NIP45, the one studied RENi in metazoa, has been implied in gene regulation, where it needs its DNA-binding partner NFATp for this activity [34]. Strikingly, the NFAT family member NFAT1 that interacts with NIP45 [10] was independently shown to be sumoylated [35]. NFAT1 sumoylation acts in nuclear retention, regulation of transcriptional activity and recruitment to nuclear SUMO-1 bodies [35]. This analysis might suggest a potential role for SUMO-like NIP45 in its complex with NFAT proteins.

Possible functional role of the SUMO-like domains in RENi proteins

There is little experimental data on the importance of the predicted SUMO-like domains in RENi proteins. Nevertheless, all listed functions of RENi proteins conform with the known role of SUMO in transcriptional regulation and the control of genome integrity [36]. In the context of transcriptional repression, SUMO-modification has been suggested to recruit class I and II HDACs to promoter sites. Regarding genome stability, SUMOylation in DNA-repair proteins is thought to target these to DNA damage foci. The following parallels in RENi proteins become obvious: 1) HDAC recruitment has also been suggested for the fission yeast Esc2p [27, 28]. 2) Mammalian NIP45 binds to transcription factors that can also be modified by SUMO [35]. 3) RENi and SUMO share a functional context in double-strand break repair and transcriptional regulation. On the basis of functional overlaps of SUMO and RENi proteins, we can speculate that RENi proteins act as SUMO stable fusion proteins "mimicking" SUMO and that they might have common interaction partners.

Conclusions

In this report, we use sequence-analytical methods to infer the homology relationships between RENi family members and determine their tripartite (bipartite for plant homologs) domain architecture. A N-terminal polar low-complexity segment and two consecutive SUMO-like domains in the C-terminal half characterize the functionally described fungal and metazoan RENi proteins. While the more C-terminal SD2 is easily detectable, it is the particularly divergent SD1 that was shown in fungi to be essential for the assayed molecular functions. Due to the likely limited sequential- (as opposed to structural-) requirements, this SUMO-like domain is difficult to detect and has been missed in previous analyses of individual family members.
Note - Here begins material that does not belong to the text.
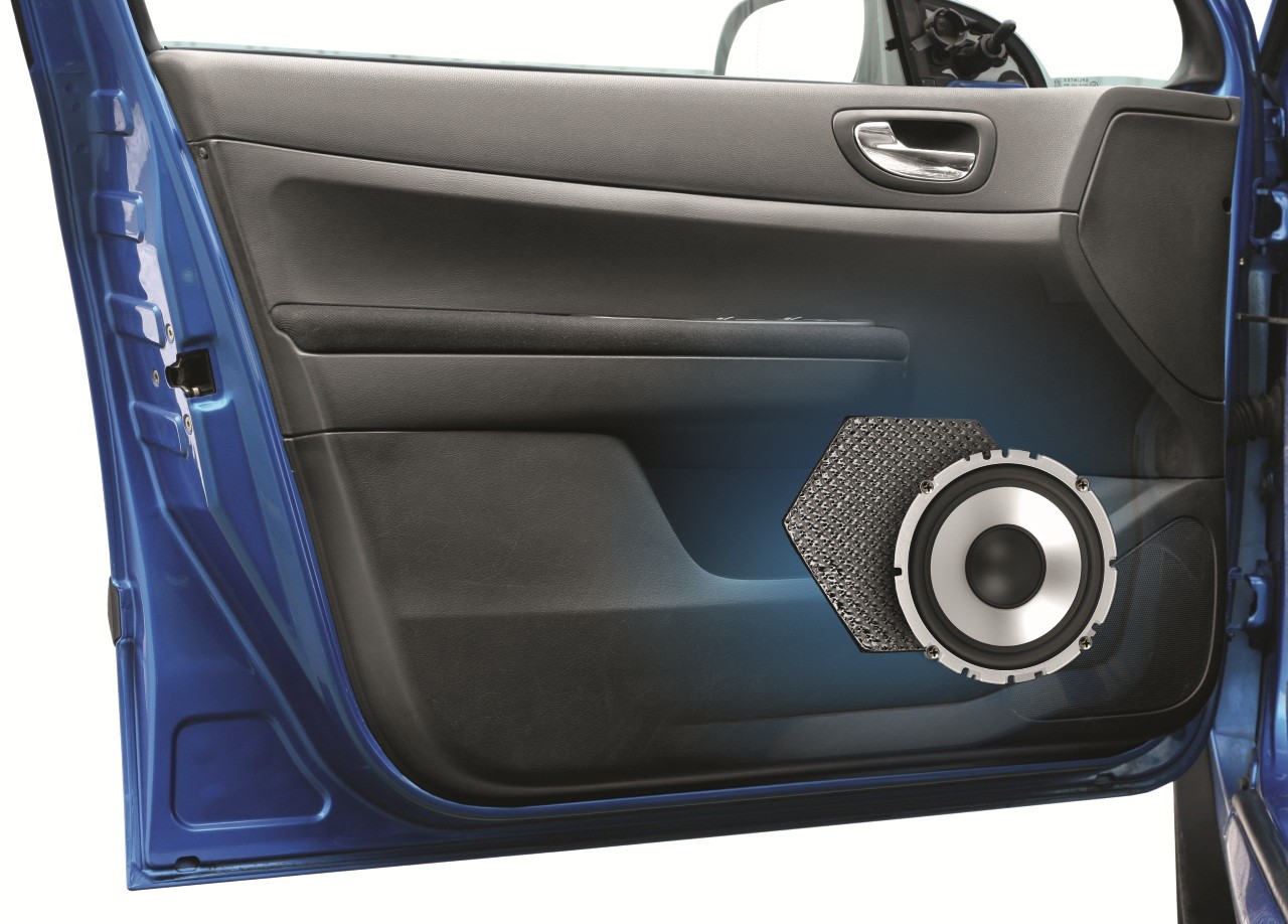 - Гъвкав самозалепващ трислоен материал, предназначен за монтиране зад говорителя в автомобилната врата.

The identification of the more N-terminal SUMO-like domain SD1 helps rationalizing experimental findings for mutant fungal RENi family members.

Methods

RPS-BLAST [8] and FFAS [37] algorithms were used to search the COG [38], SCOP [39] and SMART databases [40]. SEG [6] and CAST [5] were applied in identifying low-complexity regions. Structural similarity was determined using the fold prediction methods FFAS [37] and BIOINBGU [41]. T-coffee was used for initial multiple sequence alignment [42]. CLANS [22] generated the pairwise similarity graph. VMD [43] was used for molecular visualization and POV-ray for the follow-up image rendering.